What floor are you on?

The 3 BR condos in the Lahaina tower are so nice and light and it must feel like being at home with so much space around you.  The 2 BR condos still have a spacious feeling too but are darker but the view from the living room is spectacular.  The corner 3 BR condo views are even better.

I felt the same when we were staying one night in a studio at the Molokai tower.  You have the ocean right in front of you plus you see the long, wide beach and ocean plus a lot of lush greenery too from the side window.  I love the large area of grass in the front of our resort.  It gives that cool feeling and is so relaxing, IMO.

It's all about location and view plus a comfortable condo.  For us, it doesn't have to be that luxurious but I love the resort atmosphere and the condos mostly are luxurious when you stay in a resort and I really like having a restaurant/bar on the premises too.  It is convenient plus there are several here in walking distance which makes it even better.

Enjoy the the Fourth of July and then it is looking forward to next year already.  

I wonder if there will be fireworks right in front of the resort?


----------



## Fasttr (Jun 29, 2015)

GregT said:


> the living area for Lahaina Villas is 20 x 26 flip flops, for 520 total ffs.   The living area for Napili is 16x28, or 448 total ffs.



Greg....are these "sober flip flops" where one foot is directly in front of the other, or "I am having a bit too much fun on vaca flip flops" where you likely would not pass the sobriety test, and perhaps the accuracy of the measurement must be questioned.


----------



## GregT (Jun 29, 2015)

Fasttr said:


> Greg....are these "sober flip flops" where one foot is directly in front of the other, or "I am having a bit too much fun on vaca flip flops" where you likely would not pass the sobriety test, and perhaps the accuracy of the measurement must be questioned.

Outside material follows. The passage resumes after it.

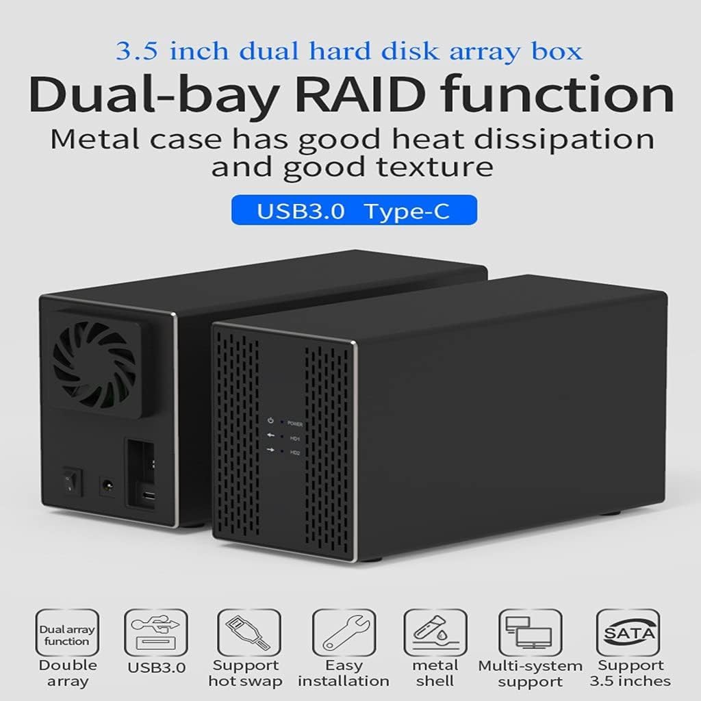 Voici le prix pour acheter Disque Dur Externe Portable, Double matrice de disques durs Raid USB3.0/USB3.1, Double Baie, boîtier de Disque Dur Raid, sauvegarde Automatique des données, matrice de disques durs 3.5 Pouces, USB3.1 au Maroc
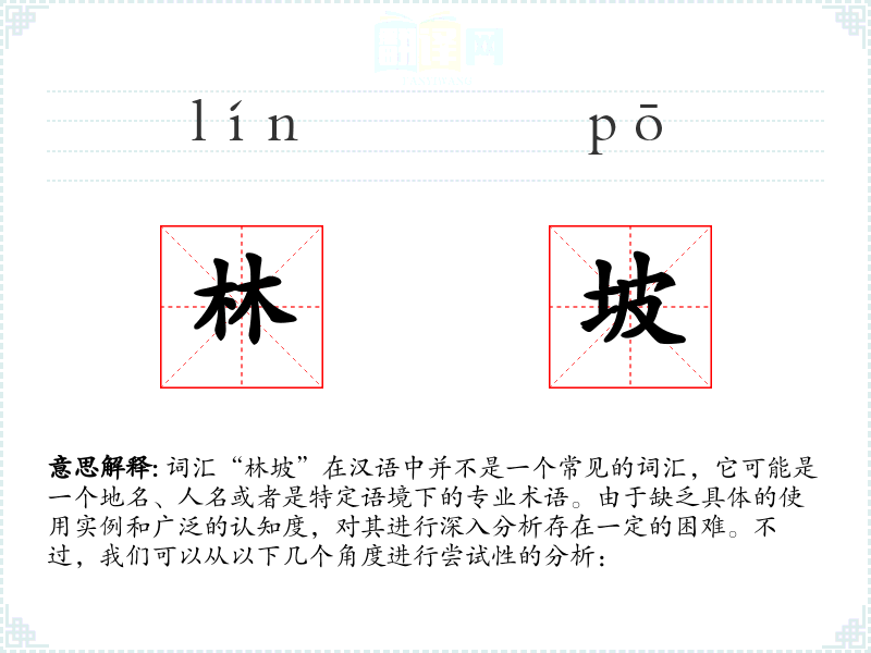 词汇“林坡”在汉语中并不是一个常见的词汇,它可能是一个地名、人名或者是特定语境下的专业术语。由于缺乏具体的使用实例和广泛的认知度,对其进行深入分析存在一定的困难。不过,我们可以从以下几个角度进行尝试性的分析:

This is an excellent (and appropriate) question considering the amount of wine we shipped to Hawaii.  However, these were sober flip flops as this is the kind of useless trivia that I like to collect.   Perhaps I will change the unit of measure to sffs.

Best,

Greg


----------



## GregT (Jun 29, 2015)

iconnections said:


> Hi Greg,
> 
> What floor are you on?
> 
> ...



Hi Emmy, we are on the 6th floor, so it is an excellent comparator to Lahaina Villas.   I agree with you about the corner units, they are very bright and I'm a big fan of the 3BR units.   MOC is a lovely place!!

Best,

Greg


----------



## BocaBoy (Jun 29, 2015)

Greg,

I wonder if this difference between Lahaina and Napili is limited to the 3BR units?  I have never stayed in one of them.  We own oceanfront 2BR and I have never felt that the 2BR units in Napili Villas seemed at all smaller.  We actually prefer them.


----------



## GaryDouglas (Jun 29, 2015)

The initial brochures for the Lahaina and Napili units had floorplans with approximate square feet that varied between units and even between buildings (see my floor plans).  So one would have to get out their tape measure to figure out the differences. I don't think there is a universal conversion formula for flip-flops.  I only remember that there are 2.54 CM / Inch...


----------



## davidvel (Jun 29, 2015)

GregT said:


> This is an excellent (and appropriate) question considering the amount of wine we shipped to Hawaii.  However, these were sober flip flops as this is the kind of useless trivia that I like to collect.   Perhaps I will change the unit of measure to sffs.
> 
> Best,
> 
> Greg


Now I understand all the news reports about a wine shortage in North County.


----------



## larryallen (Jun 30, 2015)

Maybe it's just me but the last thing I plan to do on my next vacation to Hawaii is measure the hotel room. Enjoy your VACATION!  Have FUN!  See the BEACH!  Come on man!


----------



## davidvel (Jun 30, 2015)

larryallen said:


> Maybe it's just me but the last thing I plan to do on my next vacation to Hawaii is measure the hotel room. Enjoy your VACATION!  Have FUN!  See the BEACH!  Come on man!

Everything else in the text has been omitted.